Литература модная и литература народная – найти десять отличий.
Можно рассуждать логически, а можно на пальцах, и тогда сразу всё понятно: достаточно заменить слово «литература» на слово «одежда».
Подумалось после основательного прочтения в метро рассказа Бориса Екимова «Веселый блондин Володя» вот что. Как здорово быть слесарем на заводе! Пусть даже не на идеальном, из кинофильмов «Большая семья», «Возвращение Максима», «Неисправимые» и почему-то еще «Высота», хотя там не завод, а строительство сталелитейного комбината, – пусть на обычном, как из повести Владимира Козлова «Школа».
Или из рассказа Владимира Сорокина «Первый субботник».
Вставать в полседьмого утра, кряхтя и матерясь, хлебать квас из ковшика, ехать в промозглом автобусе и, оставив надежду на Проходной, окунаться в запах металлической стружки. Расписана жизнь, ничего от тебя не зависит, и хорошо – потому что когда зависит, случаются и гордыня, и уныние, и маета духа. А тут – с мастером поругаешься, потом к монтажникам на рытье траншеи пошлют или снег убирать, потом Любку-наладчицу за зад прихватишь, а там и в столовую пора, очередь занимать. После столовой можно и это самое, но так, конечно, чтоб в глаза не бросалось.
После гудка опять-таки можно и это самое. Покойно живёшь, при деле, при большом и верном, даже если в силу всеразличнейших обстоятельств не особенно «нужном людям». Живёшь, как жили отец, дед и прадед. Живёшь как ПОЛОЖЕНО. Солнце, вон, не спрашивает, как ему светить, и даже если все инвесторы рынка скинутся, а все рулевые реформ «освоят», вспять его повернуть невозможно. Знаете почему? Потому что оно вообще не вокруг нас вертится.
Вокруг чего-то другого.
И мне будет приятно засыпать вечерами, думая эту не очень-то понятную мне мысль.
Некоторые думают, что «жить вечно» – это о продолжительности. Между тем это не продолжительность. Это ответ на вопрос «как».

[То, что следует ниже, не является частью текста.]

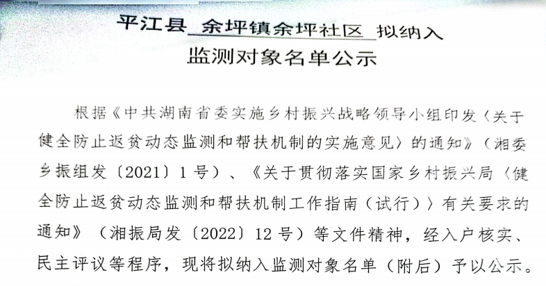 平江县余坪镇余坪社区拟纳入监测对象名单公示(第三批)
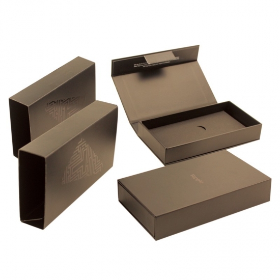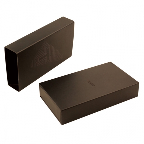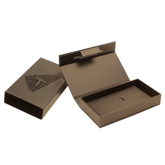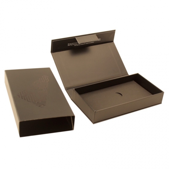 Caja de regalo pequeña con cierre magnético y logotipo personalizado en color negro.
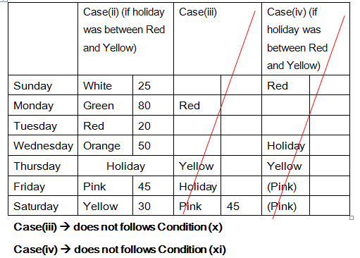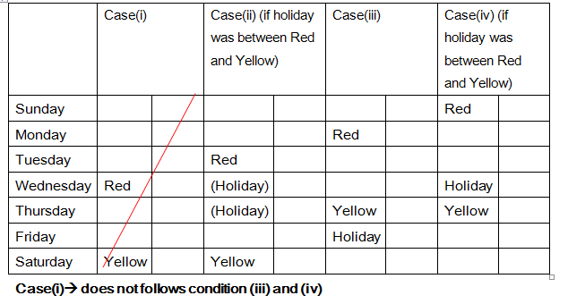 Case(i) Case(ii) (if holiday was between Red and Yellow) Case(iii) Case(iv) (if holiday was between Red and Yellow)
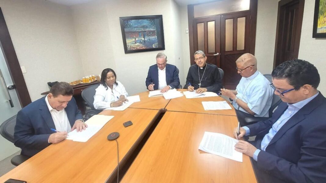 En el acto de firma participaron José E. Florentino, presidente del FONPER; monseñor Carlos Tomás Morel Diplán, rector de Ucateci; monseñor Fausto Ramón Mejía Vallejo, exrector de Ucateci; Adela Tejada Gil, gobernadora provincial; el doctor Eberto Núñez, alcalde de Bonao, y Derby de los Santos, viceministro del Tesoro y Patrimonio del Ministerio de Hacienda.
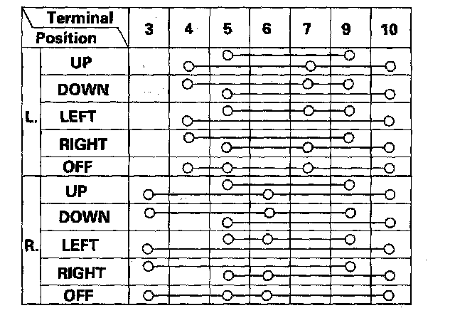 3. Check for continuity between the terminals in each switch position according to the table.
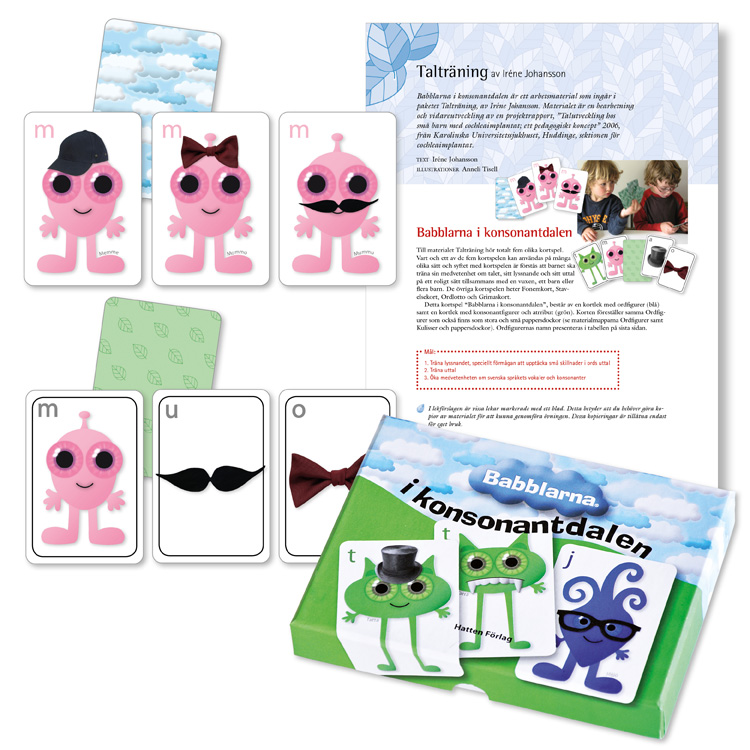 ”t” med en hatt på huvudet blir ”Tatta” och ”m” med en mustasch blir ”Mummu”. Babblarna i Konsonantdalen är ett roligt kortspel med helt nya Babblarfigurer.
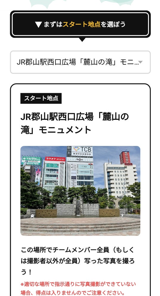 (1) 開成山公園管理事務所又はこおりやま観光案内所(郡山駅構内)でパンフレットを入手し、記載の二次元コードをスマートフォンで読み取りスタート。(制限時間:2時間30分、参加無料)

Замечено: стоит лишь написать что-нибудь (не спорю, прекраснодушное) про людей труда (ну, например, как хорошо на заводе работать, или как хорошо комбайном бороздить море спелой пшеницы, или спускаться в шахту, где, рискуя жизнью, на карачках, в антисанитарных условиях зарабатывать на смех детишек и ежевечерний домашний уют с толстой женой в халате и замечательным душистым супом с фрикадельками в старомодной зеленой эмалированной кастрюле), как тут же набегает какая-нибудь куча людей и начинает талдычить: «Ага, ага, а почему же ты сам не работаешь на заводе, а вот бы тебя туда, а вот моему знакомому руки-ноги станком оторвало, а потом он в шахте погиб и т. д. и т. п. и пр.!»

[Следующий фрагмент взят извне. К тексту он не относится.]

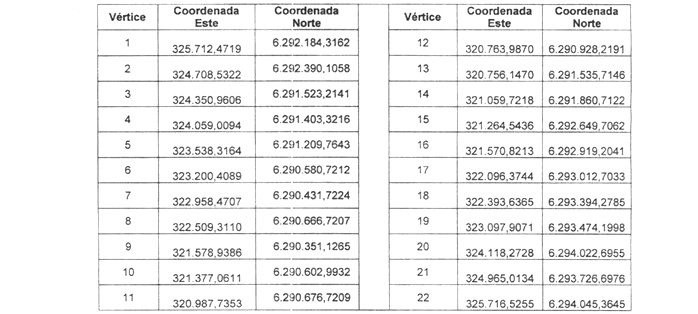 Artículo 2º. Límites. Los límites del Santuario de la Naturaleza se encuentran representados en el mapa adjunto, que detalla coordenadas referenciales del respectivo polígono, según Datum WGS84, proyección UTM, Huso 19 sur, las que se indican a continuación:
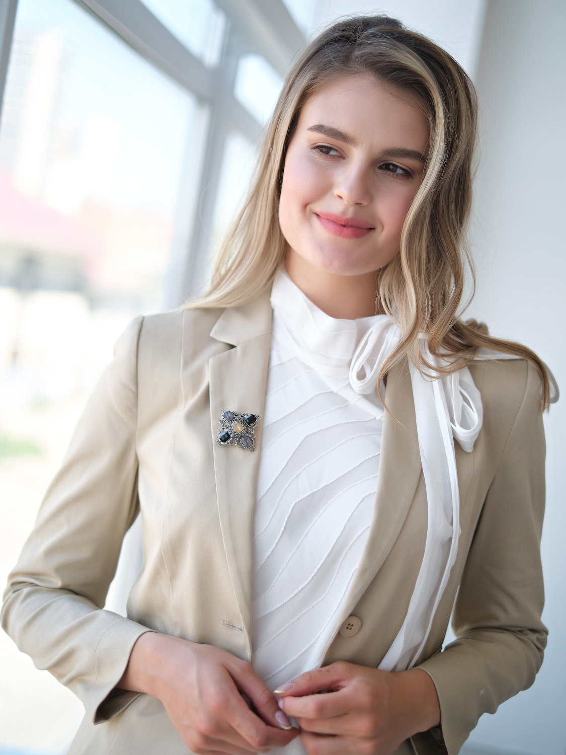Роскошная брошь в форме ромба. Выполнена из комбинированных материалов с использованием горного хрусталя.
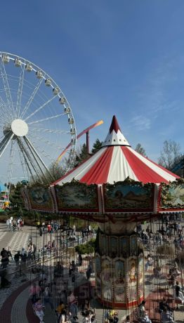 Вид на зелёный двор, колесо обозрения, главные купола Санкт-Петербурга.
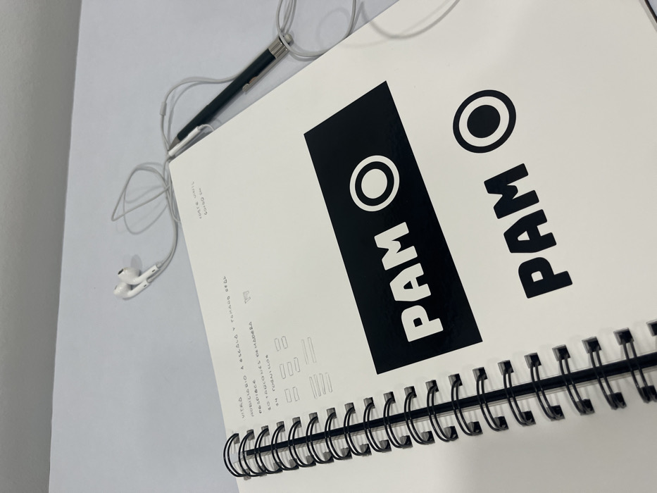 A notepad with spiral binding displays the word "PAM" with a circle containing a dot beside it, repeated twice in bold black lettering. Handwritten notes in what appears to be Spanish are visible on the left side of the page. A pen and white earbuds rest atop the notepad, with the earbud wires tangled beside them. The background appears to be a white surface.
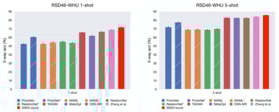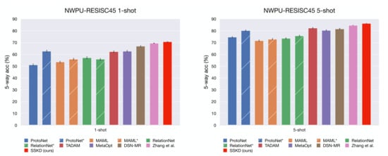 In addition to the training time of the meta-training stage, like Zhang et al. [50], our method has an additional training time for the pre-training stage, which is the runtime of our SSKD module. The pre-training runtime of [50] is 1.6 h on NWPU-RESISC45 and 2.2 h on RSD46-WHU. The training time of our SSKD module is including two parts, the runtime for the self-supervised network and the KD procedure. It cost 3.9 h and 6.3 h to train the proposed self-supervised network on NWPU-RESISC45 and RSD46-WHU, while the KD procedure takes 2.5 h on NWPU-RESISC45 and 2.8 h on RSD46-WHU, respectively. That is, the training time of our SSKD module is 6.4 h and 9.1 h in total on NWPU-RESISC45 and RSD46-WHU, respectively. The same as in work [50], we do not introduce any extra parameters but optimize the embedding directly by the cosine classifiers over the N-way K-shot tasks in the meta-learning stage. Our meta-training runtime is nearly the same as work [50], slightly more than ProtoNet and RelationNet with a ResNet-12 backbone. Counting in the training time of the SSKD module, our approach achieves the best performance at a modest increase in total training time. Note that our SSKD module only needs to train once on a dataset to provide a powerful embedding for downstream meta-learners under arbitrary N-way K-shot setting.
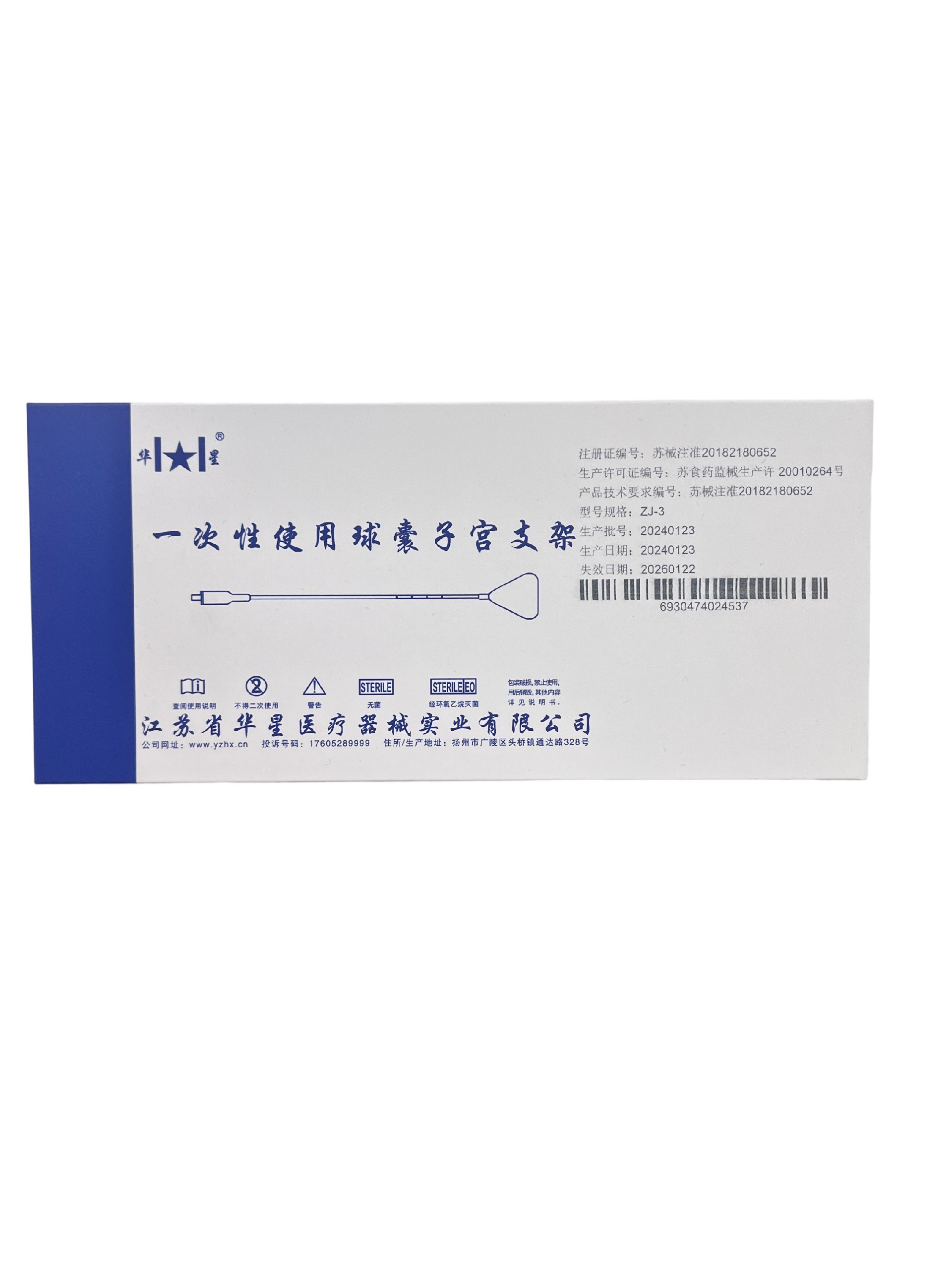 一次性使用球囊子宫支架由导管、球囊、组成,导管、球囊采用符合YY/T 0031-2008中规定的硅胶材质制成,充盈止逆阀由符合GB/T 12672-2009中规定的苯乙烯-丁二烯-丙烯腈共聚物(ABS)制成,产品按照球囊大小分为两种规格型号。产品经环氧乙烷灭菌,应无菌。

Даже принимая во внимание понятную страсть оппонентов уличить меня в неискренности, нельзя не заметить, что из их готовности дать отпор складывается удивительная, замечательная картина – картина ненависти к труду. Труд им неприятен. Они с ним явно что-то не поделили. Их бесит сама мысль, что кто-то где-то может сидеть и прекраснодушествовать по поводу каких-то там алкоголиков-комбайнеров, тогда как они тут действительно трудятся в своих банках и рекламных агентствах! И между прочим, делают там всё, чтобы ужас шахты (слесарного цеха, пшеничного моря, далее по списку) не повторился!
Познакомился вчера с культовым музыкальным журналистом Андреем Гороховым. Расскажу, как он уступает место в метро.
Культовый Андрей Горохов, мой друг, сначала садится, почему бы и нет. Но когда входит женщина с сумками, а свободных мест поблизости нет, он встаёт и, глядя ей в глаза, говорит: «Садитесь, пожалуйста!»
Женщина, конечно, пугается. Места же есть! В другом конце вагона, конечно, но есть же… Естественно, не садится. Опасливо интересуется: «Почему вы мне уступаете?» А Горохов говорит: «Потому что меня так воспитывали».
– Где? – спрашивает женщина потерянно и от этого слегка глупо.
– В Советском Союзе, – отвечает Андрей.
Тут у неё будто пелена с глаз упала. Будто попустило её. Села спокойно. Благодарно, с достоинством. И всю дорогу на Особенного Человека поглядывала. И когда Андрей выходить собрался, сказала ему:
– До свидания.
Потом его узнала (выследила?) какая-то девочка в музыкальном магазине, он же авторитет, мой Андрей, какое-то там светило. Подошла, стала лепетать что-то о своём мальчике, который вот-вот подойдёт и который записал замечательную пластинку. Горохов спросил: «Сколько ему лет?»
От этого вопроса девочка впала в ступор.
Она стояла и молча смотрела на Горохова снизу вверх. Он ждал. Она стояла и молча смотрела на него снизу вверх. Тогда он ушёл. Вероятно, она стояла и молча смотрела снизу вверх на то же самое место.
– Как можно было молчать?! – кричал он потом. Надо же было сказать хоть что-нибудь! Например: «Ему восемнадцать!» Или что это не важно! Или что он хороший! Или спросить: «А сколько вам?»
Казалось, от его крика на стенах подземного перехода должен был полопаться кафель. Наверное, ему было стыдно за тот свой вопрос.
Самоирония – всего лишь противоположный конец самодовольства. А палка одна.